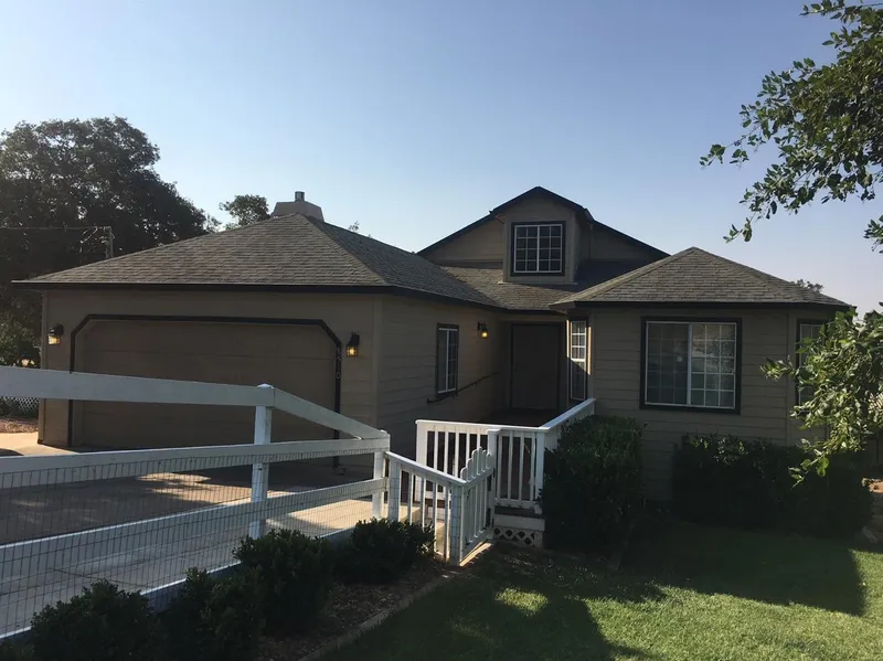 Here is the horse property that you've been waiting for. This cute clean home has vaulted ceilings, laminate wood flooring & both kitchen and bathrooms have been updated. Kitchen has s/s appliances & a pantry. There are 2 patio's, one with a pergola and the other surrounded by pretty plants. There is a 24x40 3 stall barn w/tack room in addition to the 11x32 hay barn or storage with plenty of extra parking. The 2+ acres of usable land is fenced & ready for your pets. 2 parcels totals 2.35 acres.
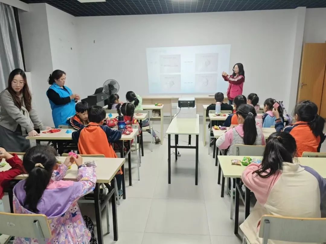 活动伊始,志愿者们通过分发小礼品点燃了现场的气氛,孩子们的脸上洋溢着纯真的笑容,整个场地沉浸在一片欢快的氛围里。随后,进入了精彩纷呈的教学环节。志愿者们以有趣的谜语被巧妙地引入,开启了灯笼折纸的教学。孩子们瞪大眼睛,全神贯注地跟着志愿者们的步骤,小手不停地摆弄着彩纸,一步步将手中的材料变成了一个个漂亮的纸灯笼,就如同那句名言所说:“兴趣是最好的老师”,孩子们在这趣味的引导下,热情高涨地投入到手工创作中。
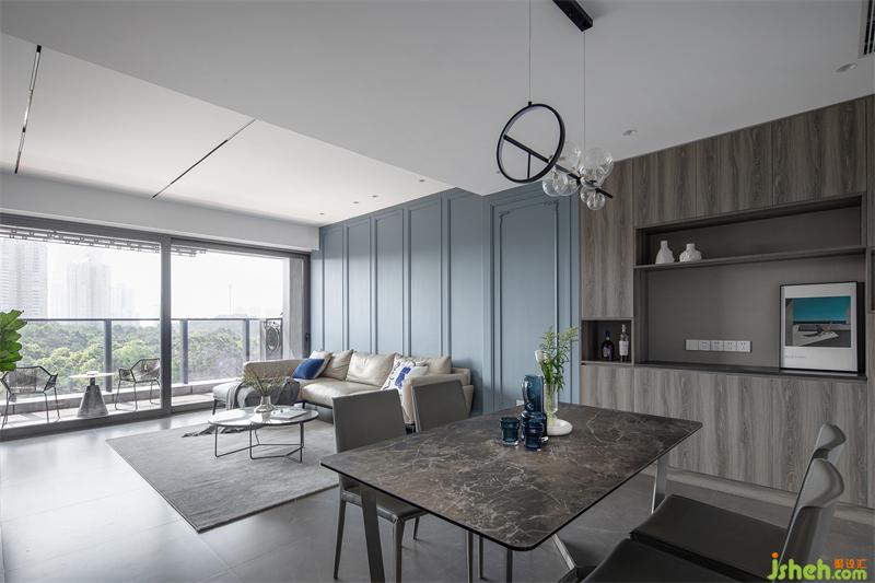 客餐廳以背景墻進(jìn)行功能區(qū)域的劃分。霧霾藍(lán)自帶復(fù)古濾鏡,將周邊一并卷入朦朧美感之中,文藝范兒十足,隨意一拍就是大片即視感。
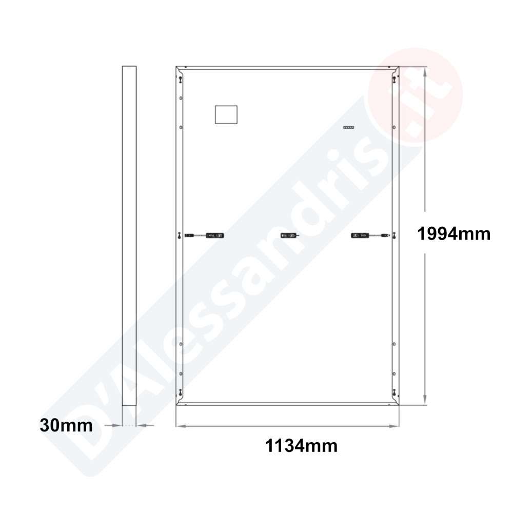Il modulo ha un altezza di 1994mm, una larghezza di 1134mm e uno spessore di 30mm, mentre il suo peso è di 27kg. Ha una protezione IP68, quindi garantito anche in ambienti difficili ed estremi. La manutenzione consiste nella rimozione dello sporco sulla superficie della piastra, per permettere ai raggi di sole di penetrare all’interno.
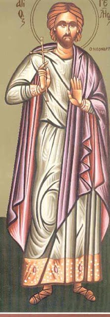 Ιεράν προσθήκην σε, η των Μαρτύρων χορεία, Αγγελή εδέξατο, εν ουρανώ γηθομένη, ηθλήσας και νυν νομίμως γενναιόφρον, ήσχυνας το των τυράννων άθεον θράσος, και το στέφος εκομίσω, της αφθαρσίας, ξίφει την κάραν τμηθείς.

TASK TO COMPLETE:
Would it be possible to print the records above verbatim, pictures omitted?

RESULT OF THE EXERCISE:
 Here is the horse property that you've been waiting for. This cute clean home has vaulted ceilings, laminate wood flooring & both kitchen and bathrooms have been updated. Kitchen has s/s appliances & a pantry. There are 2 patio's, one with a pergola and the other surrounded by pretty plants. There is a 24x40 3 stall barn w/tack room in addition to the 11x32 hay barn or storage with plenty of extra parking. The 2+ acres of usable land is fenced & ready for your pets. 2 parcels totals 2.35 acres.
 活动伊始,志愿者们通过分发小礼品点燃了现场的气氛,孩子们的脸上洋溢着纯真的笑容,整个场地沉浸在一片欢快的氛围里。随后,进入了精彩纷呈的教学环节。志愿者们以有趣的谜语被巧妙地引入,开启了灯笼折纸的教学。孩子们瞪大眼睛,全神贯注地跟着志愿者们的步骤,小手不停地摆弄着彩纸,一步步将手中的材料变成了一个个漂亮的纸灯笼,就如同那句名言所说:“兴趣是最好的老师”,孩子们在这趣味的引导下,热情高涨地投入到手工创作中。
 客餐廳以背景墻進(jìn)行功能區(qū)域的劃分。霧霾藍(lán)自帶復(fù)古濾鏡,將周邊一并卷入朦朧美感之中,文藝范兒十足,隨意一拍就是大片即視感。
Il modulo ha un altezza di 1994mm, una larghezza di 1134mm e uno spessore di 30mm, mentre il suo peso è di 27kg. Ha una protezione IP68, quindi garantito anche in ambienti difficili ed estremi. La manutenzione consiste nella rimozione dello sporco sulla superficie della piastra, per permettere ai raggi di sole di penetrare all’interno.
 Ιεράν προσθήκην σε, η των Μαρτύρων χορεία, Αγγελή εδέξατο, εν ουρανώ γηθομένη, ηθλήσας και νυν νομίμως γενναιόφρον, ήσχυνας το των τυράννων άθεον θράσος, και το στέφος εκομίσω, της αφθαρσίας, ξίφει την κάραν τμηθείς.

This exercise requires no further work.